We have chosen to model all data in a directed graph, i.e. as nodes and (directed) edges. This includes inventory data, which models how processes consume and produce products to form supply chains, but also includes impact assessment, where elementary flows are linked to impact categories via characterization edges, and collections, where processes and products belong to databases.

Example

Here is our standard bicycle production example in the new paradigm:

You can see this graph in code in tests/conftest.py.

Motivation

In previous Brightway versions, the libraries were tightly coupled, and the schemas for passing data between Python libraries or with other software were never explicitly defined or custom-developed. This led to a chaos of utility conversion functions without any guarantees on broad format or on the availability of specific attributes.

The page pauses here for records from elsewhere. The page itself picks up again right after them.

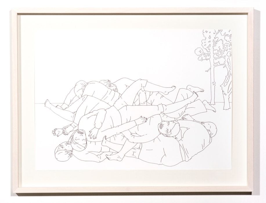 Abigail Lazkoz utilitza el dibuix per reflexionar sobre fets i situacions amb un marcat caràcter narratiu. L'acurada representació de la gestualitat i l'expressió dels personatges creen escenes gairebé teatrals, alguns cops properes a allò sinistre, que activen la nostra capacitat d'imaginar possibles causes del que està succeint. Conscient de la relació directa amb el llenguatge del còmic, l'artista reconeix influències de l'expressionisme, el surrealisme i d'altres tan diferents com els gravadors japonesos i mexicans, el manga o cineastes com Tim Burton.
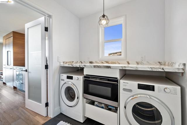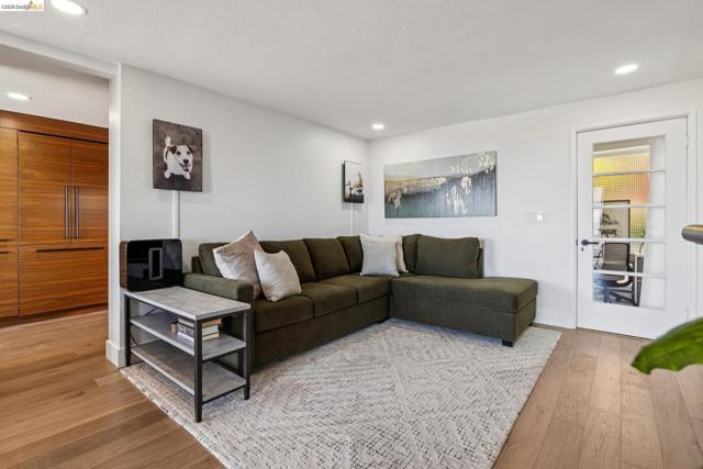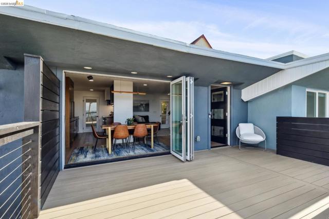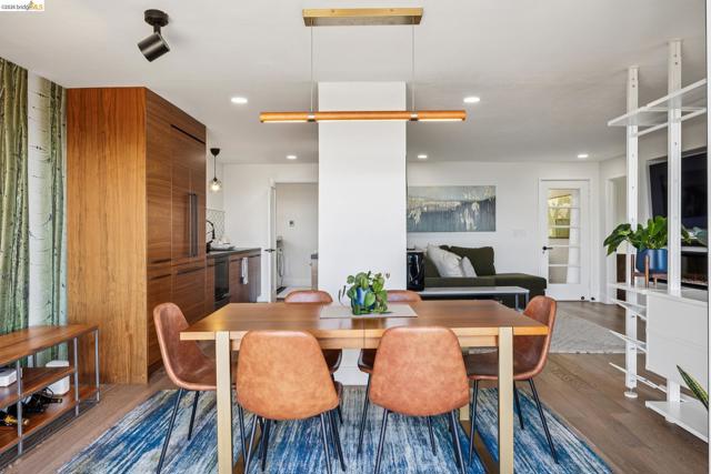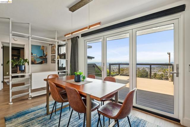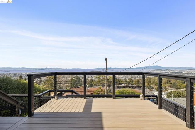 Mid-century modern home with breathtaking views of the Bay Bridge, Golden Gate Bridge, San Francisco skyline, and Mt. Tamalpais. An open floor plan captures the views from the kitchen, dining, and living areas, creating a natural flow for both everyday living and entertaining, with seamless access to an expansive deck for indoor-outdoor living. Thoughtfully updated throughout, the home features a modern kitchen, two full bathrooms, a bright laundry room, and a flexible office space. Each bedroom features its own updated en-suite bath. Recent improvements include newer windows, updated electrical, EV charger installation, a newer deck, added wall insulation, and upgraded plumbing. Approximately 0.3 miles to shops and amenities in Kensington Village.
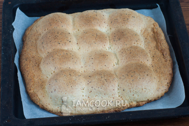 Готовый пирог выньте из духовки, остудите и посыпьте сахарной пудрой.
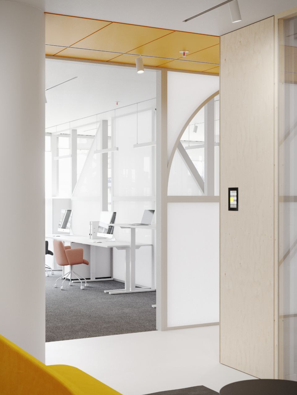 JUNG VILNIUS. Inovatyvi biuro apšvietimo sistema, lengvai ir patogiai valdoma JUNG KNX dėl jutiklinių jungiklių.
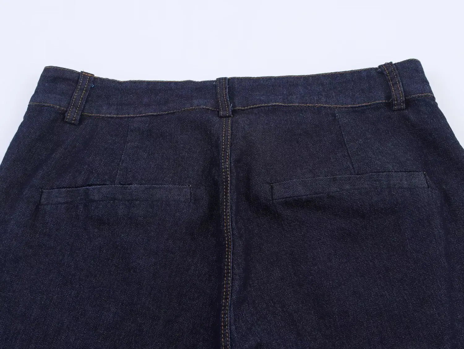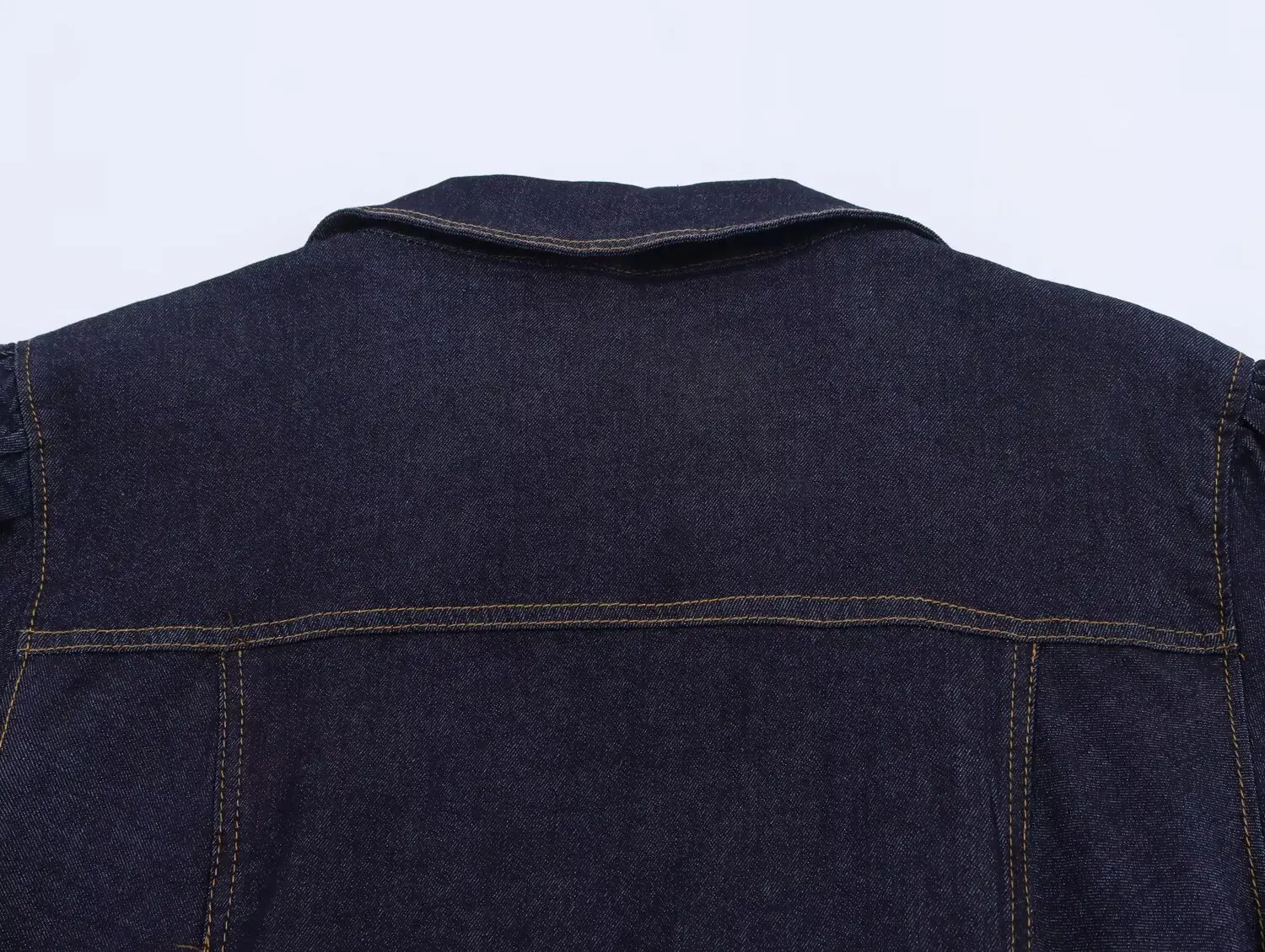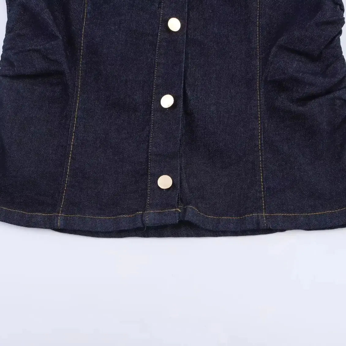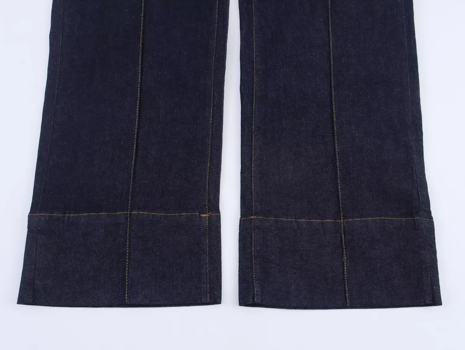 DiYiG Women 2025 Autumn New Fashion Slim Fit Denim Bubble Sleeve Buckle Shirt Zipper Wide Leg Pants Blouses Mujer

The approach in bw_interface_schemas allows for a more modular approach, where Brightway IO libraries can work with multiple data stores or data generation and manipulation packages. The definition of nodes and edges is clear, and using pydantic gives us reasonable error messages and validation performance.

We have also fixed some poor design choices in older Brightway versions. For example, previously edges were defined on nodes: node['exchanges'] = list. In this schema, the node was always the edge target, even if that didn't make any sense. So emissions were inputs, goods being produced were inputs, etc. Edges also had to be quantitative, so dummy values were added to make proxies for qualitative edges.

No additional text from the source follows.